What you need to do: Beginning at the line that contains "خاتم فضة رجالي", transcribe the remaining lines of the listing exactly; include the final line and omit everything before.

Data to process:
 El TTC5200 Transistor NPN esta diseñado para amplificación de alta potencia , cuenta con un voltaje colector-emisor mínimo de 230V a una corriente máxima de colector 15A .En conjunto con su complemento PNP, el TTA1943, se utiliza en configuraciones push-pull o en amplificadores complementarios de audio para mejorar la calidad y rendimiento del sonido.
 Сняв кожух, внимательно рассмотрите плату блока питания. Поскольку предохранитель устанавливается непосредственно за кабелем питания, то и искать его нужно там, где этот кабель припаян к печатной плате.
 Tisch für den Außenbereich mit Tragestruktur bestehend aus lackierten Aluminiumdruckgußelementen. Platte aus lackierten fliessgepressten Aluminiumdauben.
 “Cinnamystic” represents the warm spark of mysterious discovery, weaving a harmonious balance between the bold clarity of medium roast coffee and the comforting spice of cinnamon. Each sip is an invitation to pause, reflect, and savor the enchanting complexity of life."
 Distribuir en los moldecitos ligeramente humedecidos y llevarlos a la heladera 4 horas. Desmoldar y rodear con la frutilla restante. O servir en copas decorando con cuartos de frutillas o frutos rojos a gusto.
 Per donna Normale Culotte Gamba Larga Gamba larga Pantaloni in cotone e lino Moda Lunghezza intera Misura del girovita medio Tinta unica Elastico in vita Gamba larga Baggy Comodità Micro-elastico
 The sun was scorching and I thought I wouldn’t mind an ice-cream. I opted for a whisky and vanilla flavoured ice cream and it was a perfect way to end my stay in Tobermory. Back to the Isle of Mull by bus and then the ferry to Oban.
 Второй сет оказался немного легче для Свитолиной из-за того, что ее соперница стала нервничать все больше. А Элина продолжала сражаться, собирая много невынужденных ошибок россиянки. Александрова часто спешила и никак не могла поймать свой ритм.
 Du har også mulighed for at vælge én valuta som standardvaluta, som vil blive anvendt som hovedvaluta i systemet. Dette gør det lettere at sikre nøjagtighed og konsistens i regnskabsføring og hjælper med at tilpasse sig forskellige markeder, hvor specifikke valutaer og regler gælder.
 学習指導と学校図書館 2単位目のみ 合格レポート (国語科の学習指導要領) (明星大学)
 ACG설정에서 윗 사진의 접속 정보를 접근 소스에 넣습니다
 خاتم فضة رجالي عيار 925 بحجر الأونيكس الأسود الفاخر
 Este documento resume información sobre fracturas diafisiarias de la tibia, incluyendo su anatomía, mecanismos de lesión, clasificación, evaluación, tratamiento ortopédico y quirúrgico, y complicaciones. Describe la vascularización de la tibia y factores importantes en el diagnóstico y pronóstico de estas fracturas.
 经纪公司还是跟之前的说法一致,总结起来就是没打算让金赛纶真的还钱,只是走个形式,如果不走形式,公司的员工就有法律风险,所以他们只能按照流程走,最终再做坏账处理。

Problem solution:
 خاتم فضة رجالي عيار 925 بحجر الأونيكس الأسود الفاخر
 Este documento resume información sobre fracturas diafisiarias de la tibia, incluyendo su anatomía, mecanismos de lesión, clasificación, evaluación, tratamiento ortopédico y quirúrgico, y complicaciones. Describe la vascularización de la tibia y factores importantes en el diagnóstico y pronóstico de estas fracturas.
 经纪公司还是跟之前的说法一致,总结起来就是没打算让金赛纶真的还钱,只是走个形式,如果不走形式,公司的员工就有法律风险,所以他们只能按照流程走,最终再做坏账处理。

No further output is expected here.